私は不思議に思いながら、彼の横にそっと腰を下ろした。
ロディアス陛下がちらりとこちらを見る。
その瞳はいつもより熱を持っているように感じた。もしかしたら結構な酒量を口にしたのかもしれない。

「……ハーブティーではないのですか?」

いつも、彼は寝る前にハーブティーを用意させる。一説によると、睡眠の質をあげると言われているので気休め程度に飲んでいるようだ。
あと、『単純に味も好みだ』とも言っていたように思う。私が尋ねると、ロディアス陛下はくい、とグラスを煽って答えた。

「まあね。少し、考えたいことがあって」

「……お仕事のことですか?」

「そんなところかな。……ねえ、エレメンデール。思えば僕たちはちゃんと話をしたことがなかったと思うんだよね」

……突然、ロディアス陛下はそんなことを言い出した。
よほど、私はきょとんとした顔をしていたのだろう。ロディアス陛下が苦笑する。

「率直に聞くよ?きみは、優しさを求めてる?仮初でも構わないなら、僕はきみにそれを与えることができる。演じるのは慣れているしね」

「え、えぇと……」

ロディアス陛下が何を言おうとしているのか、察しの悪い私には分からない。
ただ、だいぶお酒を召しているように感じたのでもうそろそろ止めた方がいいのではないかと感じた。からん、と氷が溶ける音が静かに響く。

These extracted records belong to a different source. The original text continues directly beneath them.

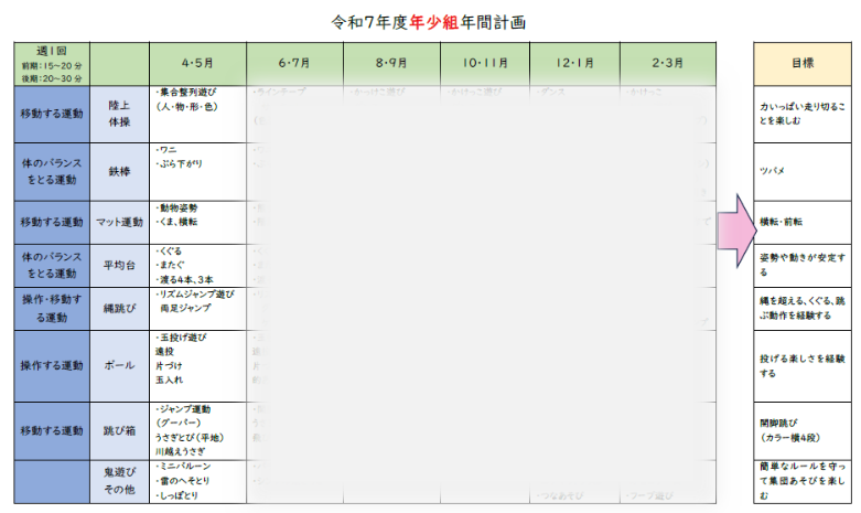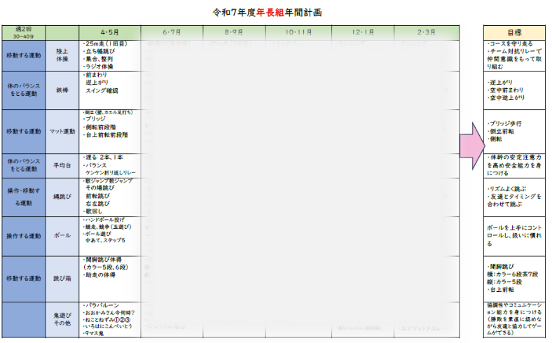 年齢に応じたねらい、および年間計画は、こちらをご覧ください。
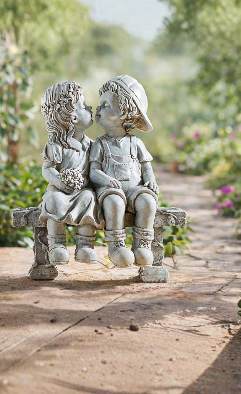 With lifelike detail and old-fashioned charm, this weatherproof resin statue brings warmth and nostalgia to your patio or garden bed. Perched side-by-side on a classic stonelook bench, the sweet boy in cap and girl with flowers gaze toward each other, lips about to meet. It’s a delightful way to evoke cherished memories, celebrate love, and share smiles with family and guests. Measures 21cm tall x 19cm wide x 10cm deep.
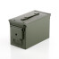 These M2A1 cans are NEW PRODUCTION and can be bought in different configurations ranging from a single can to twelve-can cartons (while supplies last). They’re made the same size and with the same steel box/lid, rubber seal, olive drab powder coating, and steel handles as mil-spec M2A1 cans, but they were manufactured in China to keep the price low.
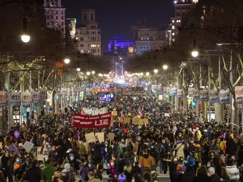 在西班牙各地,同樣有數以千計的婦女上街遊行示威,爭取平等待遇及合理權益,並抗議針對女性的暴力事件。不過,首都馬德里實施嚴厲防疫措施,當局禁止舉行公眾集會。在巴塞隆拿,參加示威的人數達到3500人。
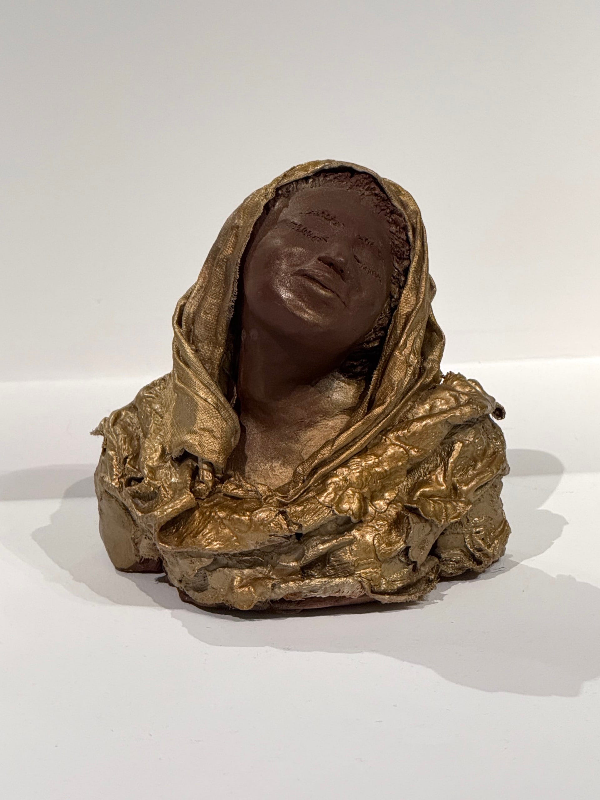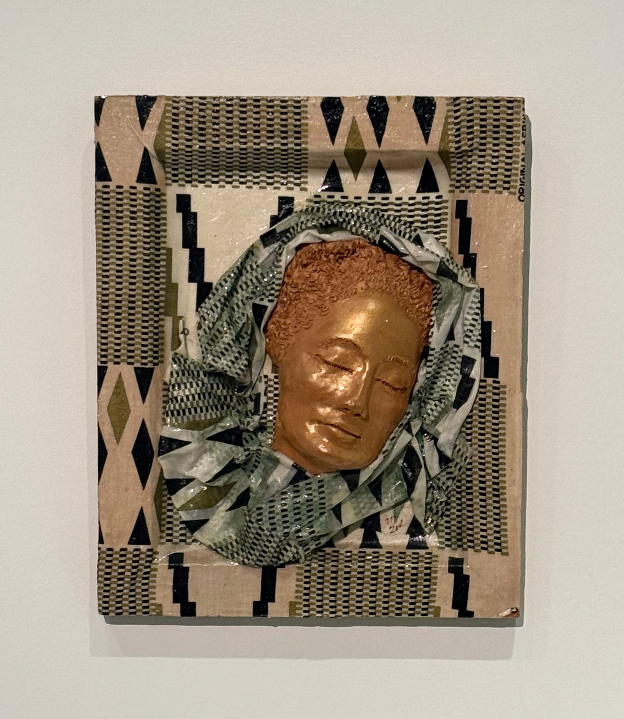 Upon entering the exhibition, viewers encounter “Peace” (2004): a gold face nestled in African fabric, framed by a similar print and mounted on the wall. The folds of the material suggest both a head wrap and a halo, accentuating the sacred aura of the figure seemingly suspended in peaceful repose.

「きみが望むならそれでも構わない。僕も、表面上とはいえ夫婦円満な方がなにかとやりやすいと思うしね。……でも、きみはそれを望まない。違う?」

「……私が望めば、陛下は私を愛していらっしゃるように振る舞う、と……そう仰せなのですか?」

陛下の言葉を噛み砕いて、私なりに理解を進めて問い返すと、彼は僅かに目を見開いた。
そして、少し沈黙した後、なにか言おうと口を開いて──ふ、と自嘲にも似た笑みを浮かべた。
そして、前髪をかきあげるようにして額に手を当てて、彼は言った。

「はぁー……。……いや、うん。そういうことかも」

「……??」

「つまりね、エレメンデール。きみは、偽りの僕と、本物の僕、どちらがいい?それを聞きたかったんだ」

「…………」

だいぶ酔ってらっしゃる……のでは?
私はそう思ったが、口には出さなかった。
彼が寝酒を嗜むのも、酔っ払った姿を見せるのも、初めてだったから。